▶ _Data for review_:

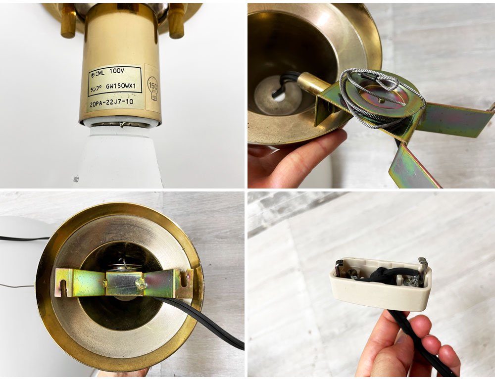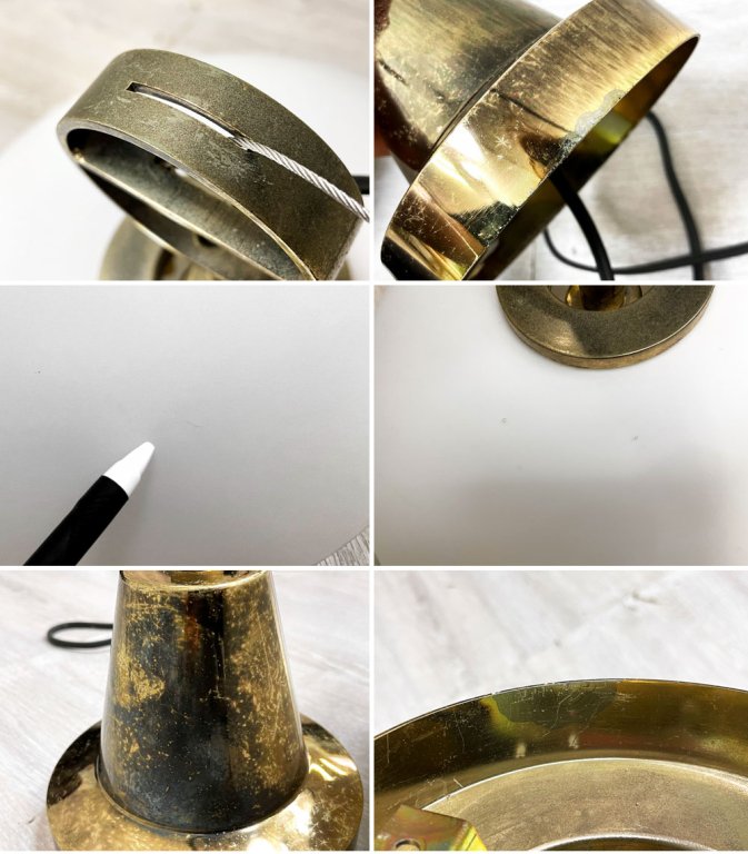 また、シェードと金具を固定する為のネジに備わったゴムリングは経年劣化しており、一つは欠品しておりますが、ご使用に影響はございません。
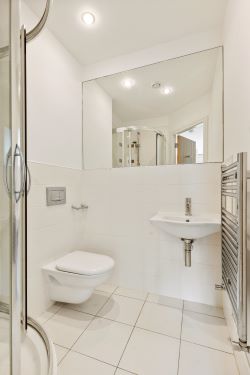 Shower, toilet and wash-hand-basin. Wall-to-wall mirror. Tiled.
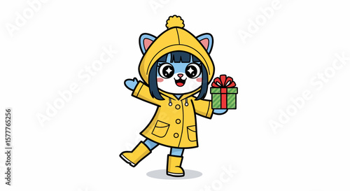 cartoon, cat, character, girl, animal, cute, happy, gift, present, raincoat, yellow, boot, festive, cheerful, adorable, illustration, design, stylised, whimsical, digital, art, gift box, holiday, celebration, expression, rain, weather, winter, spring, autumn, colourful, graphic, drawing, animation
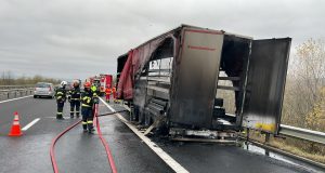 TIR cuprins de flăcări pe autostrada A1, în vestul țării. UPDATE...
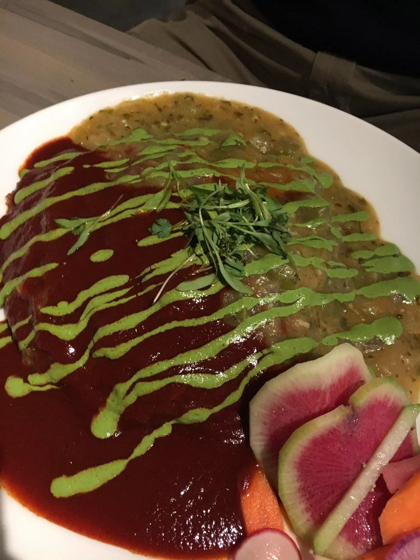 The combination of the two sauces on one dish – stacked blue-corn enchiladas, say, or Navajo fry bread – provide alternating hits of smoky, earthy red chiles and bright, grassy green chiles that register as eye-opening but not painful on the heat scale. And where they bleed together at the center of the plate, something magical happens as an entirely new sauce is created.
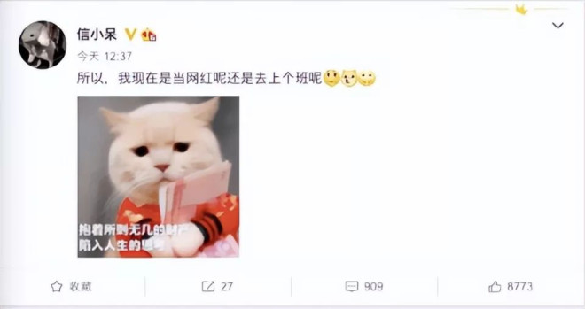 接连的打击下来,信小呆自己也很迷茫:“该找工作,还是做网红?”
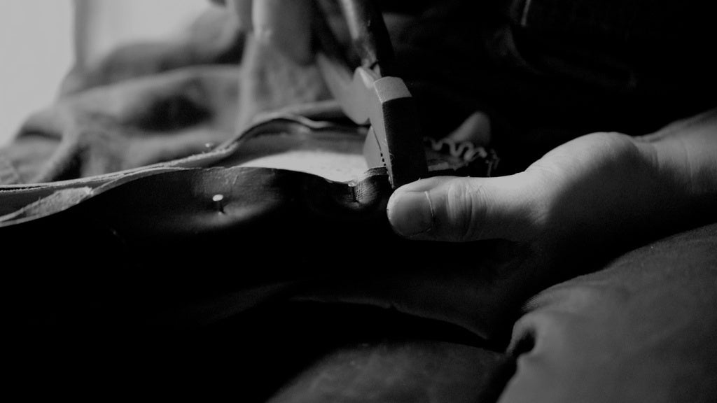 アッパーは一寸17〜19針という既成靴では規格外のピッチで縫い上げます。ミシンが進みすぎないよう手元に引きながら目視と手先の感覚で行うため、繊細な感覚と集中力を要する工程です。美しさと強度を両立させるためには熟練の技術が必要となり、素材への理解と共に美意識の高さも大事なファクターとなっています。
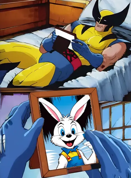Best way to structure the promt is "Wolverine holding a picture frame of (your choice of character), comic panels, wolvmemesdxl, cartoon, best quality, 2panel"

▶ _Work to complete_:
Print every entry above again without changing a word, and omit the pictures.

▶ _Task result_:
 また、シェードと金具を固定する為のネジに備わったゴムリングは経年劣化しており、一つは欠品しておりますが、ご使用に影響はございません。
 Shower, toilet and wash-hand-basin. Wall-to-wall mirror. Tiled.
 cartoon, cat, character, girl, animal, cute, happy, gift, present, raincoat, yellow, boot, festive, cheerful, adorable, illustration, design, stylised, whimsical, digital, art, gift box, holiday, celebration, expression, rain, weather, winter, spring, autumn, colourful, graphic, drawing, animation
 TIR cuprins de flăcări pe autostrada A1, în vestul țării. UPDATE...
 The combination of the two sauces on one dish – stacked blue-corn enchiladas, say, or Navajo fry bread – provide alternating hits of smoky, earthy red chiles and bright, grassy green chiles that register as eye-opening but not painful on the heat scale. And where they bleed together at the center of the plate, something magical happens as an entirely new sauce is created.
 接连的打击下来,信小呆自己也很迷茫:“该找工作,还是做网红?”
 アッパーは一寸17〜19針という既成靴では規格外のピッチで縫い上げます。ミシンが進みすぎないよう手元に引きながら目視と手先の感覚で行うため、繊細な感覚と集中力を要する工程です。美しさと強度を両立させるためには熟練の技術が必要となり、素材への理解と共に美意識の高さも大事なファクターとなっています。
Best way to structure the promt is "Wolverine holding a picture frame of (your choice of character), comic panels, wolvmemesdxl, cartoon, best quality, 2panel"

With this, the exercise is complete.